= Pierre Quesnay =

French economist (1895–1937)

Pierre Achille Louis Eugène Quesnay ( – ) was a French economist and central bank official. From 1930 to 1937, he was the first General Manager of the Bank for International Settlements in Basel, Switzerland, the world's first international financial institution.

==Life==

Quesnay was born in Évreux. He studied law in Paris under supervision of economist Charles Rist. He was enlisted in the French army during World War I, after which Rist mentored him to join the Vienna office of the Reparation Commission that had been set up by Treaty of Versailles. Quesnay served there from 1920 to 1925, working with High Commissioner of the League of Nations Alfred Rudolph Zimmerman, and interacting with international financial policymakers of the time that included Jean Monnet and Montagu Norman.

In 1926, he joined the Bank of France where Rist had just been appointed deputy governor, and became the first head of the bank's newly created research department. He was instrumental in the stabilisation of the French franc under Prime Minister Raymond Poincaré (remembered as the Franc Poincaré), for which he was described as one of a triumvirate together with Rist and Bank of France Governor Émile Moreau.
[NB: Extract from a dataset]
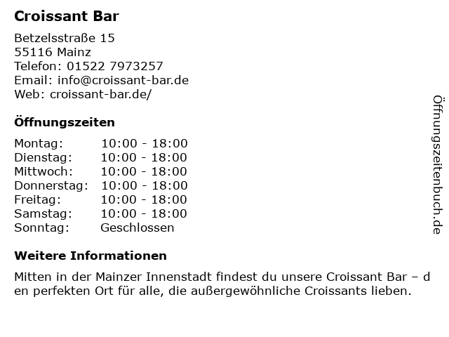 | Öffnungszeiten Croissant Bar in Mainz anzeigen | |

In 1929, Quesnay participated in the French delegation at the Hague conference on reparations where the Young Plan was negotiated, resulting in the creation of the Bank for International Settlements (BIS) in early 1930. France successfully bid for one of its nationals to become the bank's managing director, and Quesnay was chosen for the job even though Germany, for reasons of principle not linked to Quesnay's competence or suitability, voted against. While at the BIS, Quesnay was a steadfast promoter of the gold exchange standard.

In early September 1937, he visited Émile Moreau at the latter's country home in Saint-Léomer, and died there accidentally by drowning in a pond. He was buried in Rouen.